Sarah French

Graduate role: NHS Scientist Training Programme (STP) Genomics, The Sheffield Children's Hospital

Photograph - Sarah French

Through the MSc Human and Molecular Genetics course, Sarah got the opportunity to complete a 10-week placement with the pre-karyotyping oncology team at Sheffield’s Children’s Hospital, NHS Foundation Trust. Since graduating, Sarah has joined the NHS Scientist Training Programme.

"The lectures within the masters programme gave me an in-depth understanding of the ever-accelerating interplay between genetics and medicine. Whilst, the clinical research project gave me the opportunity to see this first-hand.

"I was able investigate the efficacy of the current clinical pathway implemented in diagnosing haematological malignancies. We used retrospective patient cases to evaluate different molecular techniques employed in clinical genetics. This experience enabled me to become competent in skills such as karyotyping and fluorescence in situ hybridisation.

"The practical training offered was to such a high quality that I was deemed competent by the standards of the NHS and selected to take on a 10-week placement with the pre-karyotyping oncology team at Sheffield’s Children’s Hospital. The placement allowed me to apply the skills learnt, as both an undergraduate and postgraduate, to positively impact patient outcomes. This invaluable professional experience in clinical genetics was essential to my success in being offered a place on the prestigious NHS Scientist Training Programme in genomics.

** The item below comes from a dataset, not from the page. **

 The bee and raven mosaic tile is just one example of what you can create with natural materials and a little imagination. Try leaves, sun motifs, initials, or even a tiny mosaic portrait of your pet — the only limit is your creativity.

"As a trainee clinical scientist, I am currently working towards becoming competent in both cytogenetic and molecular genetic techniques. Most recently, I have received training on the classification of variants identified through large-scale sequencing projects. Identification of pathogenic variants is essential for correct diagnosis but also for devising subsequent treatment strategies.

"The opportunities that were available to me during my Masters course have allowed me to pursue my desired career path, but more importantly, continue to positively contribute to the progression of public health care."